Master sed: Delete Lines with Ease
Table of Contents
- Introduction
- Using
sed
to delete lines in a file that match a pattern
- Example: Deleting lines that don't start with five spaces
- Inverted matches using the exclamation point
- Real-world use case: Identifying code igniter config item references
- Introduction to code igniter and config items
- The challenge of multiple code styles
- Writing a script to scan the code base
- Using greedy and specific regular expression Patterns
- Separating matches into separate files
- Comparing and analyzing the results using
sort
and diff
- Programmatically converting config references
- Conclusion
- FAQ
Using sed
to delete lines in a file that match a pattern
In this section, we will explore how to use the sed
command to delete lines in a file that match a specific pattern. This can be useful in various scenarios where we need to remove certain lines from a file Based on a given condition.
Example: Deleting lines that don't start with five spaces
To illustrate the usage of sed
for deleting lines, let's consider a Scenario where we want to delete all the lines in a file that don't start with five spaces. We can achieve this by using the sed
command with a regular expression pattern.
sed '/^[^ ]/d' filename
In the above command, ^[^ ]
represents the regular expression pattern where ^
denotes the start of a line, [^ ]
denotes any character that is not a space, and d
is the sed
command to delete the matching lines. By executing this command, all the lines that don't start with five spaces will be deleted from the file.
Inverted matches using the exclamation point
In some cases, we might need to perform an inverted match using sed
to delete lines that don't match a given pattern. The exclamation point (!
) can be used to negate the pattern.
sed '/^[^ ]/!d' filename
By adding the exclamation point before the d
command, we effectively delete all the lines that do match the pattern rather than the lines that don't.

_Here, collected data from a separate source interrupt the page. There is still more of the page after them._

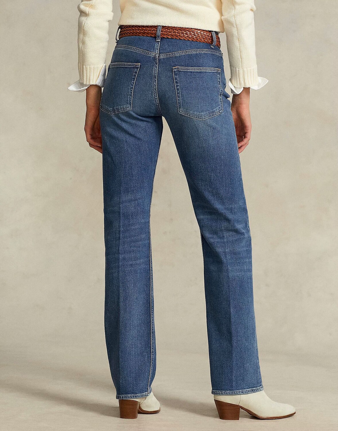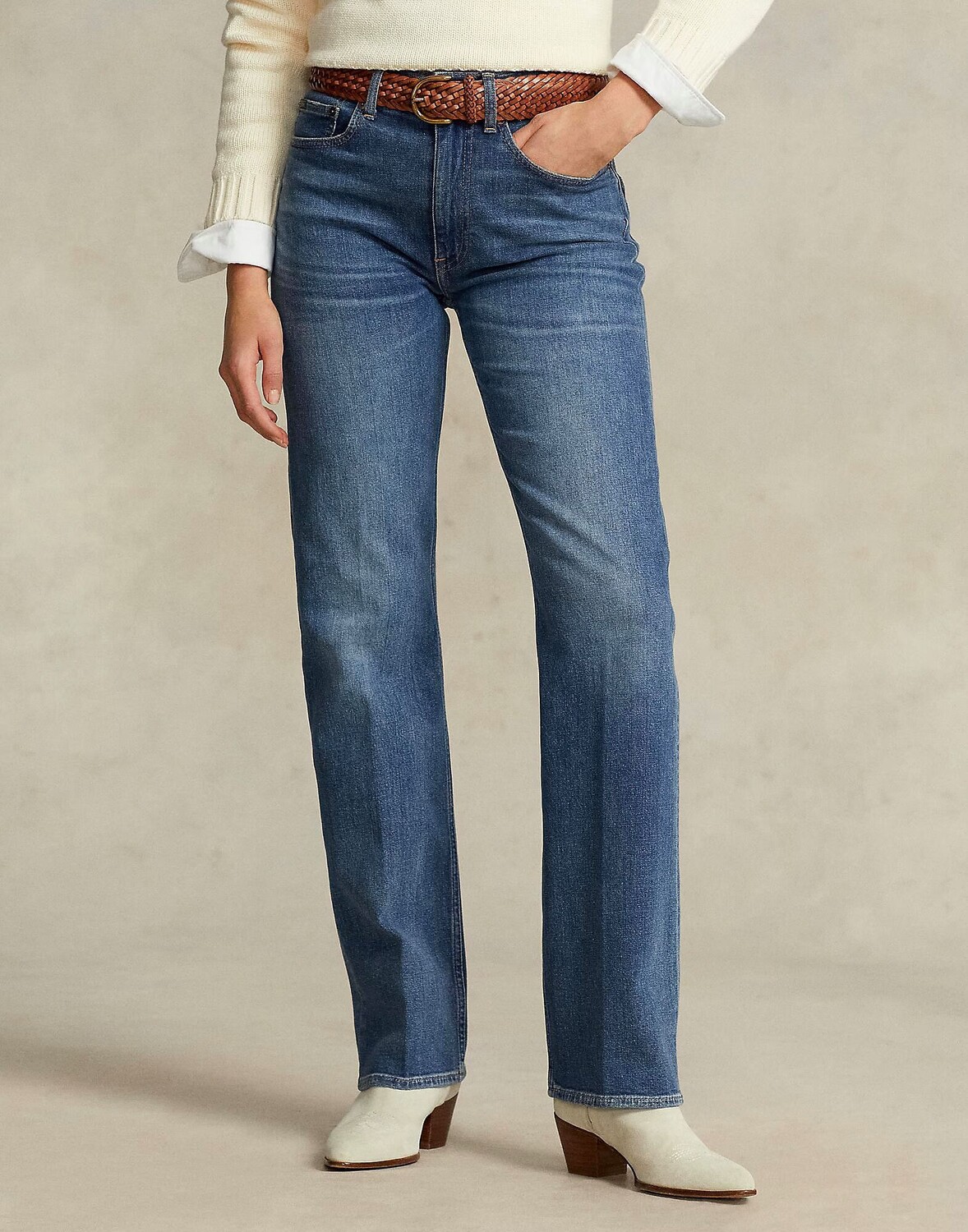 Деним, выцветший, логотип бренда, одноцветное изделие, средняя стирка, завышенная талия, застежка-молния, 1 пуговица, множество карманов, стрейч, содержит нетекстильные части животного происхождения, модель прямого кроя
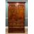 VICTORIAN WALNUT LINEN PRESS, ovolo cornice above arched doors with carved foliate spandrels, enclosing refitted internal shelves, above 4-drawers and plinth, 223h x 135w x 56cm d
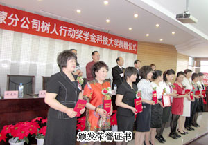 活動現(xiàn)場,綠之韻集團(tuán)執(zhí)行總經(jīng)理龔振先生致辭,鼓勵大學(xué)生們胸懷理想,好好學(xué)習(xí)、回饋社會、報(bào)效祖國。 隨后,綠之韻集團(tuán)向內(nèi)蒙古科技大學(xué)10位品學(xué)兼優(yōu)的寒門學(xué)子頒發(fā)《獎學(xué)金證書》并每位捐贈5000元款物。綠之韻集團(tuán)執(zhí)行總經(jīng)理龔振和學(xué)工部部長王軍一同走上舞臺,向王連坤、郝建兵、張聞英、張文英、張紅菲、張雨菲、張聞華、周淑梅、劉美成、馬麗英十位綠之韻愛心分銷商代表頒發(fā)榮譽(yù)證書。學(xué)工部部長王軍代表受捐助的學(xué)子以及校方對綠之韻樹人行動的慷慨捐助表示衷心的感謝,充分肯定綠之韻企業(yè)以及分銷商們的善舉為家庭經(jīng)濟(jì)困難學(xué)生搭建了一座實(shí)現(xiàn)人生理想的橋梁,讓廣大學(xué)子深切感受到綠之韻人帶來的溫暖。綠之韻愛心代表郝建兵在致辭中說,內(nèi)蒙古地區(qū)的綠之韻人,時刻都沒有忘記用責(zé)任與愛心來幫助經(jīng)濟(jì)上困難的大學(xué)生。我堅(jiān)信受資助的學(xué)生一定會通過自己的努力,把自己鍛煉成一個有用的人,一個能夠回報(bào)社會的人,綠之韻人的愛心將持續(xù)撒播在內(nèi)蒙古的土地上,讓綠之韻人的“愛”得到永遠(yuǎn)的延續(xù)。
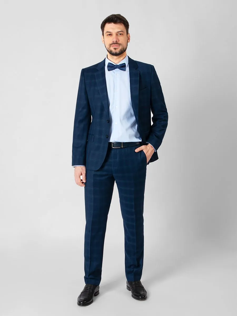 Мужской костюм насыщенного синего цвета с рисунком клеткой хорошо подойдет мужчинам, которые только начали разбавлять гардероб однотонных костюмов. Клетка ненавязчива, но при этом заметна, тонкие голубые нити освежают цвет костюма и в целом внешний вид его обладателя. Модель пиджака тщательно продумана и доработана - есть прибавка по ширине верха рукава, талии и бедер, также увеличена длина пиджака на 1,5см по сравнению с аналогичной моделью. Брюки имеют слегка заниженную талию и небольшое сужение внизу брючин. Все это сделано для комфорта носки и безупречной посадки.
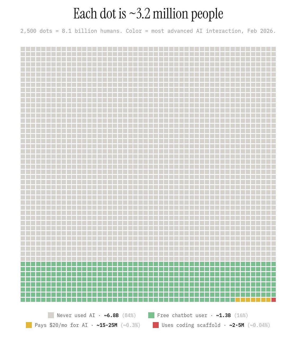 By now you have probably seen the graph showing AI adoption against all the people who have never used it. There is one square in the bottom right corner representing those who use AI for coding. The world is not being overrun by vibe-coding entrepreneurs.
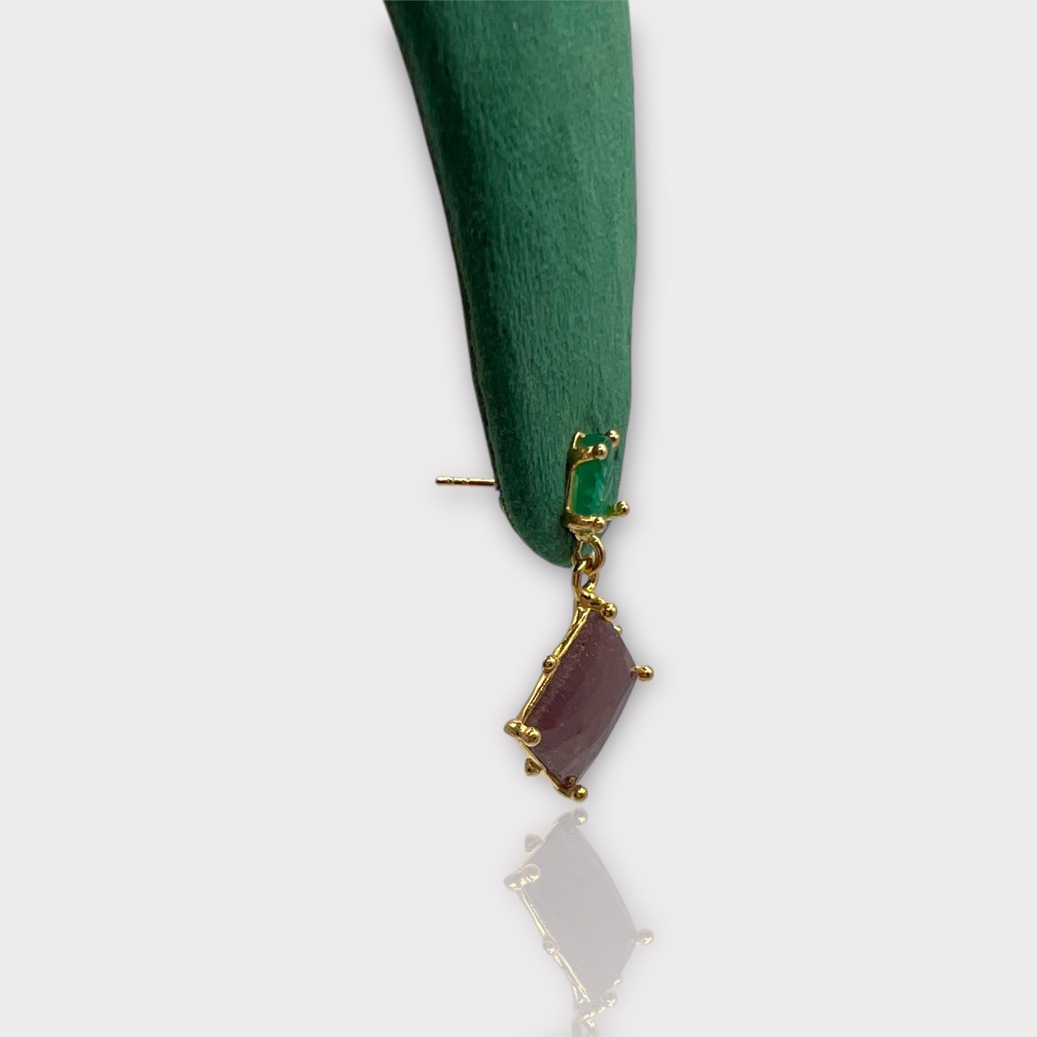 Crafted in glowing gold vermeil, these Green Onyx and Indian Sapphire Drop Earrings capture the allure of vivid gemstones with a refined silhouette. The deep green hue of onyx, often said to symbolize grounding and strength, pairs beautifully with the rich blue of Indian sapphire, linked with wisdom and truth. Together, they create a striking balance of color and meaning. Lightweight yet captivating, this design transitions seamlessly from everyday elegance to evening glamour.
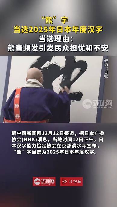 据环球网:据日本共同社12日报道,日本年度汉字在京都清水寺揭晓,2025年的年度汉字为“熊”。
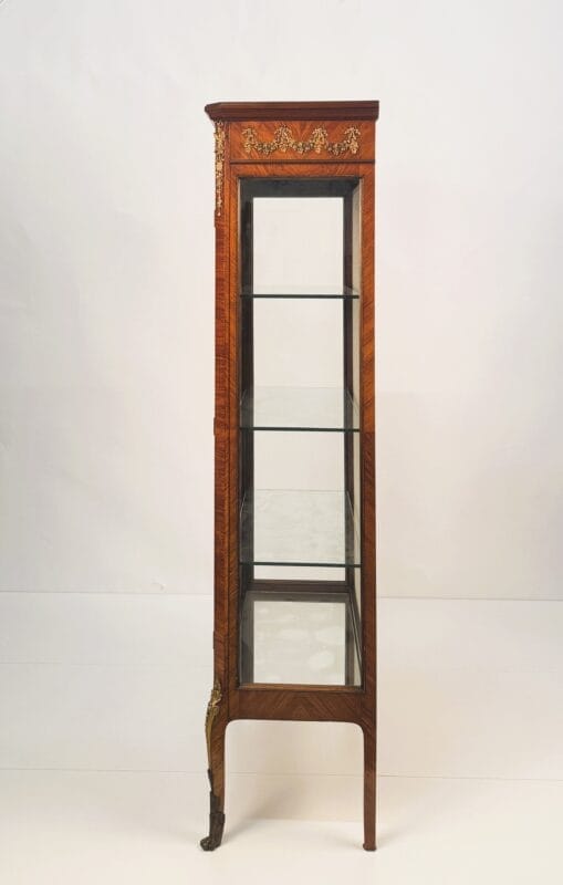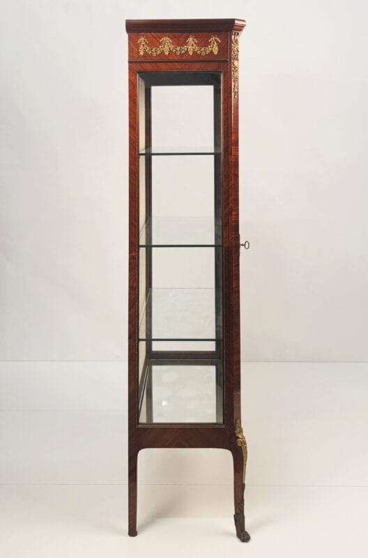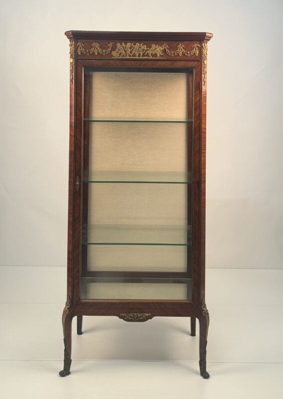 Vetrina impiallacciata in bois de rose, Francia, fine XIX – inizi del XX secolo, arricchita da fregi in bronzo dorato, fronte e fianchi in vetro, fascia superiore decorata da una danza di putti tra ghirlande di fiori ripetute sui fianchi un fregio a trofei musicali agli angoli, gambe arcuate terminanti in scarpette metalliche.
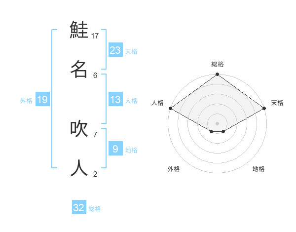 鮭名 吹人さんを姓名の画数から五運を鑑定
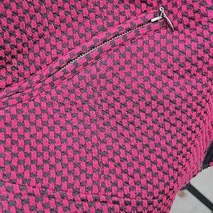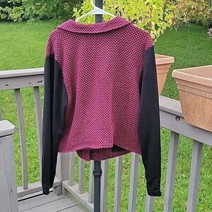 Partial zip closure on the front, two zip pockets, zippers on the sleeves.
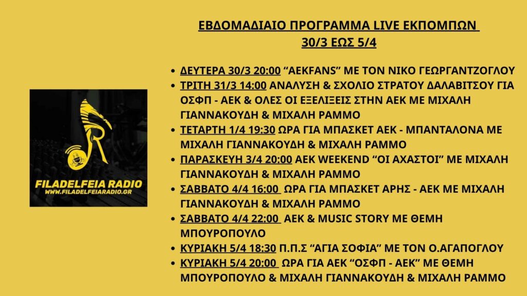 Το πλήρες πρόγραμμα των live εκπομπών παρουσιάζουν το AEKIDEA.ORG Web TV και το FiladelfeiaRadio.gr, προσφέροντας καθημερινή ενημέρωση, ανάλυση και συζήτηση γύρω από την επικαιρότητα της ΑΕΚ και όχι μόνο.
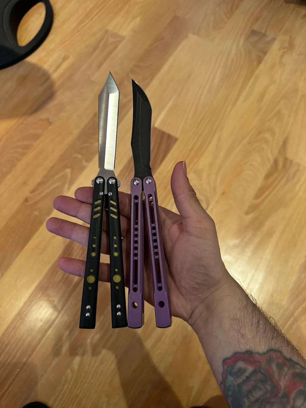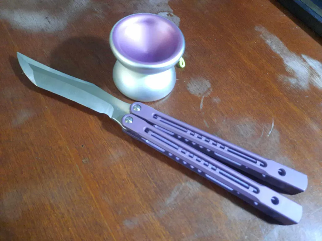 The ONE TITANIUM balisong known as the MONARCH (clone) Butterfly Knife w/ BUSHINGS D2 Sharp/Live Blade or Trainer. With either Grey, Blue, Black, Purple or Green Anodized channel construction. NO zen or tang pins (unique design) and Latchless.
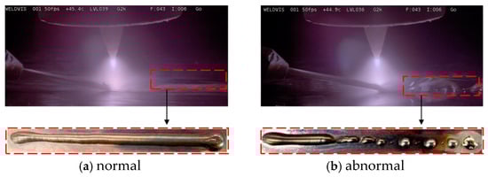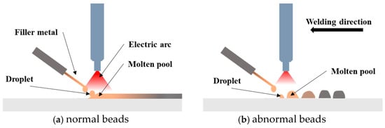 As shown in Figure 4, the normal beads are characterized by a consistent width and height and a uniform surface texture. In contrast, abnormal beads exhibit irregular shapes, abnormal size changes, irregularities, and surface defects. These defects may be caused by factors such as thermal instability, welding conditions, and imbalances in material supply. Several image-based methods have focused on real-time monitoring and quality management of WAAM processes. For instance, recently, Cho et al. [36] improved the efficiency of the process and the quality of the final product by evaluating the quality of each bead in real time using a high-resolution camera and a CNN-based image-processing algorithm.
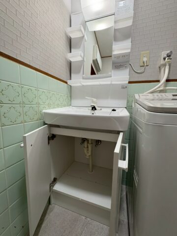 洗面化粧台の水栓からの水漏れでお悩みのS様。、長くお使いの洗面台なので、これを機に交換する事になりました。
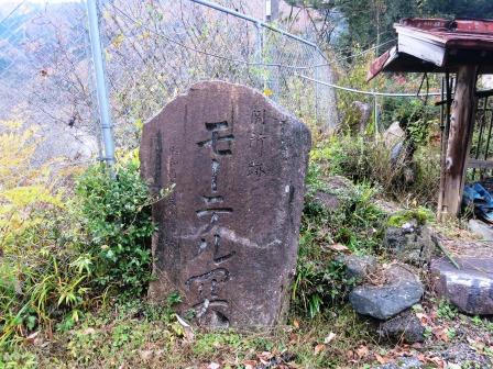 国道の左側の歩道からの木曽川と奥の山々の景色を堪能しながら進む。 下の写真は、同じ場所から下流をみたところ。 ![]() ![]() 数百m先の国道の右側には、旧道の名残である大きな石塔がたっている。 「金刀比羅神社 椎(?)河脇神社」 と刻まれている。 |
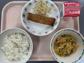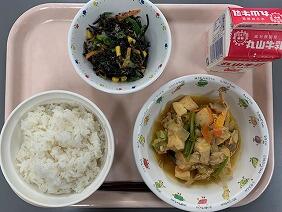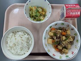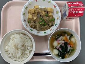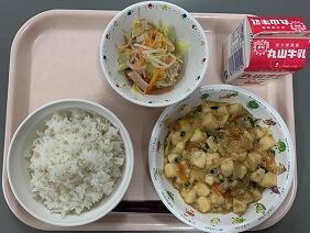 今日は中華風のメニューです。ハムの中華和えはごま油の風味がよく、もやしやキャベツがシャキシャキしていてとてもおいしかったです。マーボー豆腐は優しい味で、豆腐が小さく柔らかい物を使っているので箸でも食べやすかったです。辛みはほとんどなく、低学年の児童もおいしそうに食べていました。
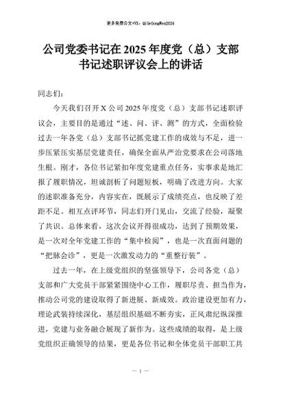 【七哥公文】2026年:公司党委书记在2025年度党(总)支部书记述职评议会上的讲话+更多免费公文+VX:QiGeGongWen2024
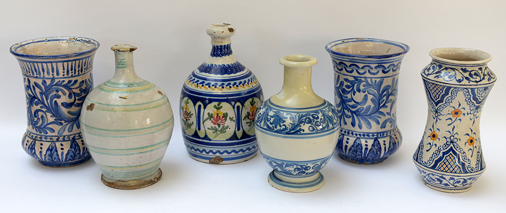 Lotto composto da tre bottiglie e tre albarelli di manifatture ed epoche diverse (difetti)
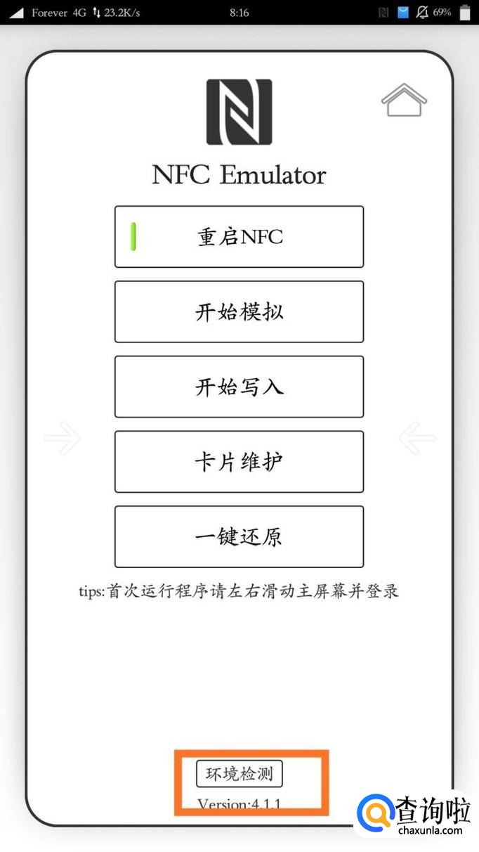 打开NFC模拟器,点击"环境检测",此步是解锁分区锁,过程可能重启,确定就行了。
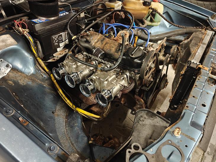 Nå, nu kom jeg jo lige i tanke om at jeg havde et sæt solex 40 DDH karburatorer liggende på hylden så de blev støvet af og sat på skønheden sammen med den skarpeste knast jeg kunne finde på lageret... 288 schrick. Så jeg har nu fundet ud af at med det setup kan jeg snildt køre fra en aygo med den bedste lyd fra forenden nogensinde, fandt så også ud af at en 8v ikke kan holde til 8000 omdr uden at lave noget om i toppen, så den spiste sgu en ventil.... Har heldigvis en 1.8 motor liggende som bliver bygget med fuldt portet crossflow topstykke med alt supertech har i kataloget til sådan et tærskeværk. det kommer nok til at ske i løbet af forråret 2026, så jeg kan komme til pladensmeden med den og så derefter til syn...

Real-world use case: Identifying code igniter config item references
Now, let's dive into a real-world use case where the usage of sed
and pattern matching became essential. We will explore how to identify code igniter config item references within a large codebase.
Introduction to code igniter and config items
Code igniter is a PHP web framework widely used for developing web applications. Config items are key-value pairs used to store application settings in code igniter. However, config item references can appear in different styles due to variations in coding practices.
The challenge of multiple code styles
In a specific client project, we encountered a 10-year-old codebase with thousands of different config item references. Surprisingly, there were over a dozen different code styles used to reference these config items. Identifying and resolving these references manually would have been tedious and time-consuming.
Writing a script to scan the code base
To tackle the challenge, we decided to write a script that could scan the entire codebase and identify all the code igniter config item references. This script utilized the grep
command with a combination of greedy and more specific regular expression patterns.
Using greedy and specific regular expression patterns
We started with a greedy match, using the general pattern config
, to identify a large number of config item references, even including false positives. As we analyzed and observed the patterns more closely, we gradually tightened the regular expressions to be more specific, eliminating false positives.
Separating matches into separate files
To analyze the matches efficiently, we separated the results into two separate files: one containing the matches from the initial greedy match and another containing the matches from the more specific pattern. These files followed a similar format to the example shown earlier.
Comparing and analyzing the results using sort
and diff
To distinguish false positives, we used the sort
and diff
commands to compare both files. This allowed us to easily identify the differences between the matches obtained from the greedy match and the more specific pattern. By iterating this process, we gradually removed all the false positives and obtained a refined list of legitimate config item references.
Programmatically converting config references
With the refined list of config item references, we proceeded to programmatically convert them into a different format as part of the client's migration to a different framework component. This step, however, is beyond the scope of this article. Nevertheless, the removal of false positives greatly facilitated the conversion process and ensured the identification of all legitimate references.
Conclusion
In this article, we explored the usage of the sed
command for deleting lines in a file that match or don't match a specific pattern. We also delved into a real-world use case where pattern matching played a crucial role in identifying code igniter config item references within a complex codebase. By using a combination of greedy and specific regular expression patterns, we were able to separate false positives and obtain accurate results.